Project Summary Neuroinflammation, characterized by microglial activation and increased pro-inflammatory cytokine production, is evident early in Alzheimer's disease (AD) and appears to play an important role in disease progression. Signaling through TREM2 (Triggering receptor expressed on myeloid cells 2) mediates this inflammatory response through effects on microglial activation. TREM2 has also been recognized as a risk factor for AD with missense mutations in the gene being associated with increased risk of AD and elevated levels of TREM2 in the cerebrospinal fluid correlating with decreased disease severity. Excitingly, TREM2 was recently shown by members of our study team to be a druggable target by the newly designed, orally available agent, Sob-AM2. While Sob-AM2 has shown to be neuroprotective in other neurodegenerative disease models where neuroinflammation and cognitive impairment are also evident, it has not yet been developed for use in AD. The studies proposed here will begin to fill in these existing gaps in the preclinical testing of Sob- AM2. In Aim 1 we will optimize the concentration of oral Sob-AM2 needed to elicit maximum increases in TREM2 expression in the brain without evoking toxicity. Aims 2 and 3 will utilize the identified dose, determine the optimal timing of treatment initiation and assess efficacy in AD mouse models. Aim 2 will use the 5xFAD model of beta-amyloid accumulation while Aim 3 will use the PS19 model of tauopathy to investigate the effects of an early versus late start of oral Sob-AM2 treatment on the downstream effects of TREM2 activation on AD pathology as well as neurodegeneration, cognition and neuroinflammation. We will also monitor the downstream targets of thyroid hormone signaling to identify non-TREM2 related effects of Sob-AM2 as well as to ensure that there is no evidence of aberrant signaling and that peripheral off-target effects are not seen. This work will address critical questions surrounding dosage and treatment duration of the first orally active, small molecule drug to target TREM2. Given the lack of disease modifying AD therapies, Sob-AM2 is a very promising candidate drug to develop for use in AD and completion of these essential preclinical studies described in this project will greatly accelerate its eventual clinical translation.

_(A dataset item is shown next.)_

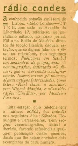 A Rádio Condes, em 1934, emitia sábados, domingos e terças-feiras. Tinha o indicativo CT1EB e ficava na avenida da Liberdade, 12, em Lisboa. De entre outras, tinha secções dedicadas ao cinema, teatro e literatura (O Filme, 3 de junho de 1934. Semanário editado em Setúbal, com Miguel Manjuá como diretor e Jacques T. da Silva como editor).

项目摘要 神经炎症，以小胶质细胞激活和促炎细胞因子的增加为特征 生产在阿尔茨海默氏病（AD）早期很明显，并且似乎在疾病中起重要作用 进展。通过Trem2发出信号（触发受体在髓样细胞上表达2）介导了这一点 通过对小胶质激活的影响的炎症反应。 TREM2也被认为是风险 基因中具有错义突变的AD因子与AD风险增加相关并升高 脑脊液中的TREM2水平与疾病严重程度降低相关。令人兴奋的是，Trem2是 我们研究团队的成员最近显示的是新设计的，口服可用的目标 代理，SOB-AM2。虽然SOB-AM2已显示在其他神经退行性疾病中具有神经保护作用 神经炎症和认知障碍的模型也很明显，尚未开发 在AD中使用。此处提出的研究将开始填补SOB-临床前测试中的这些现有空白。 AM2。 在AIM 1中，我们将优化trem2最大增加所需的口服SOB-AM2的浓度 在大脑中的表达而无需引起毒性。目标2和3将利用确定的剂量，确定 治疗开始的最佳时机和评估AD小鼠模型中的功效。 AIM 2将使用5XFAD模型 AIM 3的β-淀粉样蛋白积累的积累将使用Tauopathy的PS19模型来研究 口服SOB-AM2治疗对AD的下游影响的早期开始与晚期开始 病理以及神经退行性，认知和神经炎症。我们还将监视 甲状腺激素信号传导的下游靶标，以识别SOB-AM2和 为了确保没有迹象表明信号传导，并且看不到外围脱靶效应。 这项工作将解决有关剂量和治疗持续时间的关键问题， 小分子药物以靶向tREM2。鉴于缺乏修饰AD疗法的疾病，SOB-AM2非常 有希望的候选药物可以开发用于AD和完成这些基本临床前研究 该项目中描述的将极大地加速其最终的临床翻译。